Are the following functions convex or concave?
f:x\longmapsto 2x^2-4x+5
Recall that:
- If f''\left(x\right) \gt 0 when x\in\left( a,b \right), then f is convex on the interval \left( a,b \right).
- If f''\left(x\right) \lt 0 when x\in\left( a,b \right), then f is concave on the interval \left( a,b \right).
Here, we have:
f\left(x\right)=2x^{2}-4x+5
Calculate the derivative:
f'\left(x\right)=\left(2x^{2}-4x+5\right)'=4x-4
Calculate the second-order derivative:
f''\left(x\right)=\left(4x-4\right)'=4
For any real number x, f''\left(x\right) is positive.
f is convex on \mathbb{R}.
f:x\longmapsto x^{3}+6x^{2}-7x-2
Recall that:
- If f''\left(x\right) \gt 0 when x\in\left( a,b \right), then f is convex on the interval \left( a,b \right).
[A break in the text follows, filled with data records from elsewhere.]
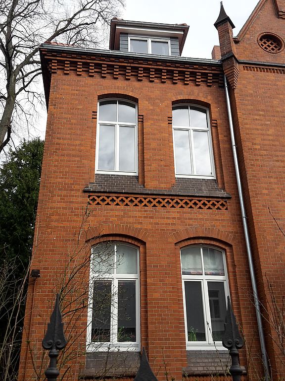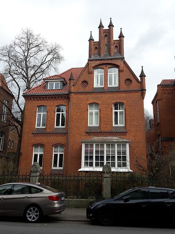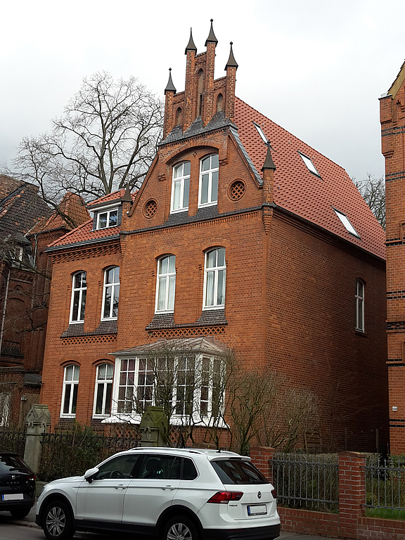 Die Stadtvilla gehört mit ihren Nachbarhäusern zu einem denkmalgeschützen Ensemble. Das Wohnhaus wurde vermutlich 1895 erbaut und gehört stilistisch zu den neogotischen Bauwerken.
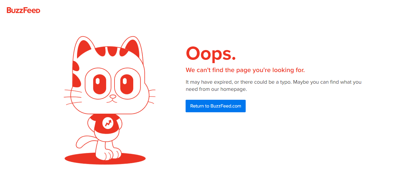 You can always keep it simple. Buzzfeed did, with its cat mascot wagging its tail back and forth to let you know that either something’s missing or you made a typo.
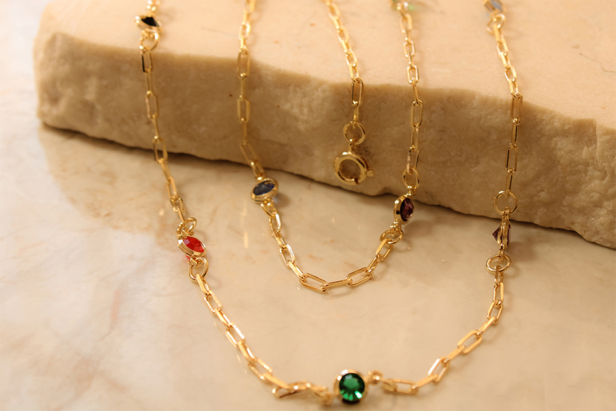 CHOKER BANHADA EM OURO, ELO 1,20mm LARGURA, 35cm COMPRIMENTO E CORAÇÃO 4,50mm LARGURA, QUALQUER COR DE PEDRA
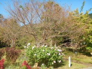 先ほど紹介したフヨウの後ろにある大きな木がアーコレードです。チラホラ程度ですが、開花が見られ始めました。
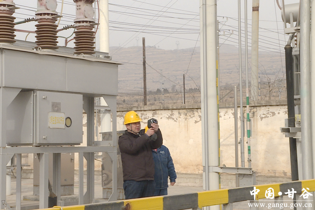 在35千伏渭阳变电站内,甘谷县供电公司工作人员正在开展春节期间变电站特巡工作,检查主变是否运行正常,有无发热现象等。在城区供电所营业厅,值班员张彩云正帮用户在自助缴费终端充值电费,向用户介绍线上办理业务流程和缴费方法。
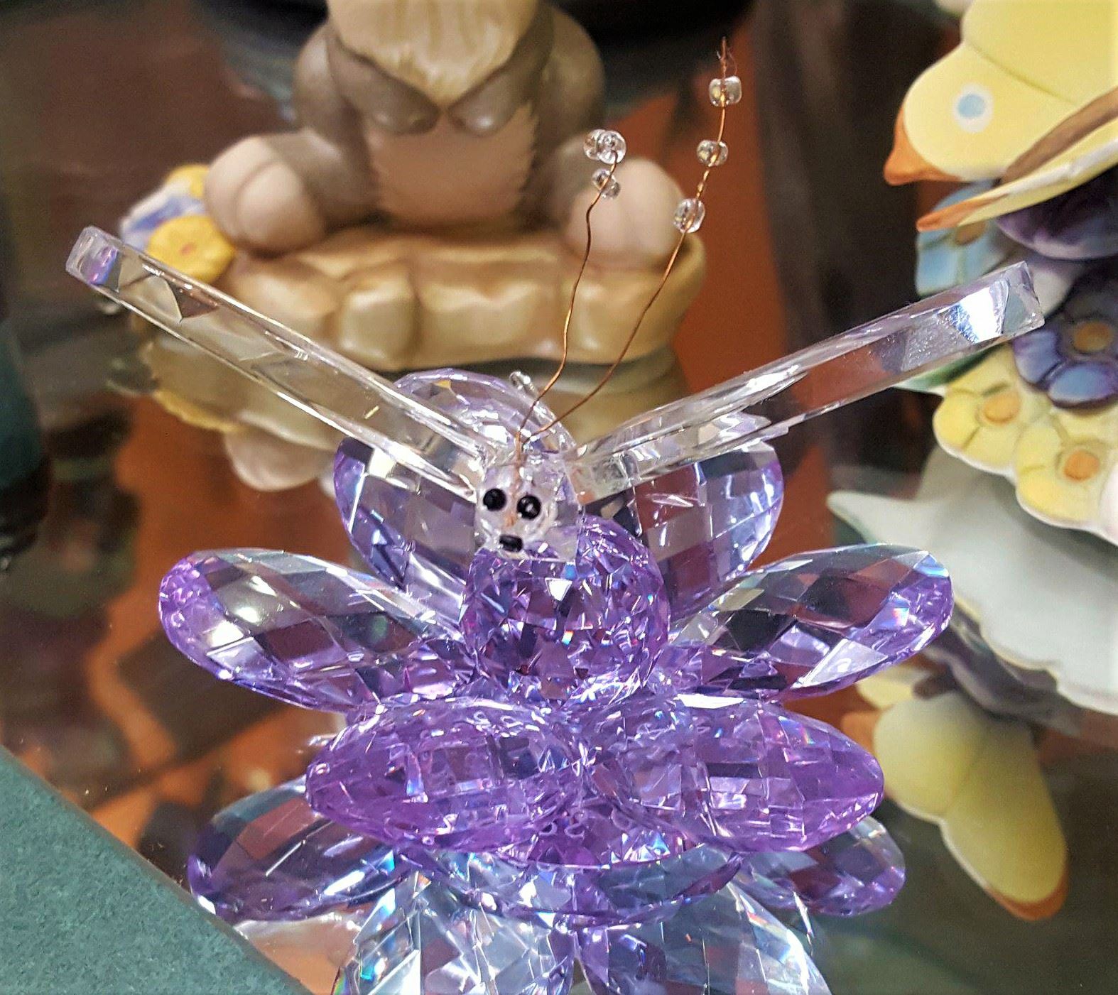 Plussing: Purple crystal flower with a clear crystal butterfly.
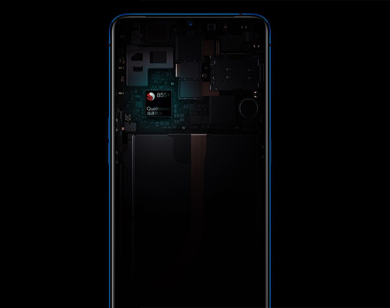 ภายในมาพร้อมกับหน่วยประมวลผลตัวท็อปสุด ณ ตอนนี้อย่าง Snapdragon 855+ มีความจุ 3 รุ่น ได้แก่ RAM 6GB + ROM 64GB (UFS 2.1), RAM 8GB + ROM 128GB (UFS 3.0) และ RAM 12GB + ROM 256GB (UFS 3.0) ซึ่งส่วนประกอบด้านในยังมาพร้อมกับระบบระบายความร้อนแบบ Vapor chamber และมีแบตเตอรี่ความจุ 4000mAh รองรับ SuperVOOC 50W สามารถชาร์จได้ถึง 80% ในเวลาเพียง 30 นาที
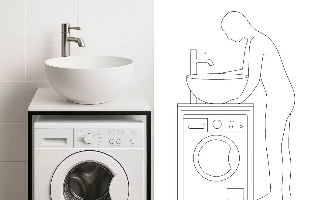 - Удобство подключения: Зачастую раковина и стиральная машина могут использовать одни и те же водопроводные и сливные системы, что значительно упрощает монтаж и минимизирует затраты на сантехнические работы.
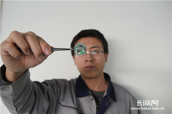 技術(shù)人員展示AVR02C芯片的電路板。通訊員 供圖
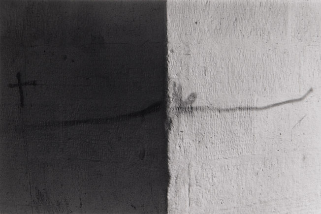 The caption suggests that the squiggles made by Chim’s subject are meaningless. But we remember enough to cast doubt: one of the more famous of Jackson’s Pollock’s paintings comes from that same year. It was called No.5, 1948 and was for a time the most expensive painting ever sold. Not all squiggles are deemed to be meaningless. The next page is explicit: in one from the series of their great collaboration, Gjon Mili catches Picasso drawing with light at Vallauris in 1949, a perfect minotaur in his own manner. Squiggles tamed. We turn a page, and Meatyard invites us look at two squiggles, not one. A twisted wire on the wall (familiar to later viewers as a motif that recurs often to Roger Ballen) looks vaguely rude, but is impromptu, informal, ‘found’. Above it, a window grille (wrought iron or cast iron, I’m hazy on how to tell them apart) gives a kind of Moorish delight in the tight restraint applied to its own curlicues. In the next picture, the little window has been brought down to eye level and the squiggles have loosened to little more than marks. Then Cartier-Bresson still has one figure looking at the wall with his back to us, but his windows are aligned like musical notation, a kind of hymn above those children nearer the camera. This is a soaring sequence of pictures, taking small pictoral gestures and twisting them like a fugue through each next picture. Greenberg and his editors are showing us how order can be given to the seemingly endless happenstance of photography. It’s a wonderful demonstration, and one paralleled many times in the kinds of books I’m alluding to.
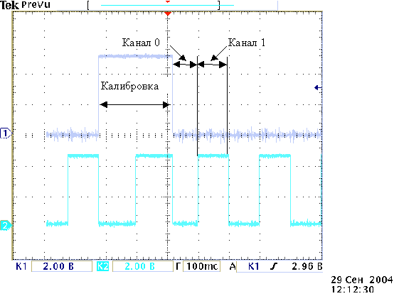 интегрирования 20 мсек. Из осциллограммы видно, что процедура калибровки

- If f''\left(x\right) \lt 0 when x\in\left( a,b \right), then f is concave on the interval \left( a,b \right).
Here, we have:
f\left(x\right)=x^{3}+6x^{2}-7x-2
Calculate the derivative:
f'\left(x\right)=\left(x^{3}+6x^{2}-7x-2\right)'=3x^{2}+12x-7
Calculate the second-order derivative:
f''\left(x\right)=\left(3x^{2}+12x-7\right)'=6x+12
Solve the equation f''\left(x\right)=0 :
6x+12=0
The solution of the equation is:
x=-2
f is concave when x\in\left(-\infty, -2\right) and convex when x\in\left(-2,\infty\right).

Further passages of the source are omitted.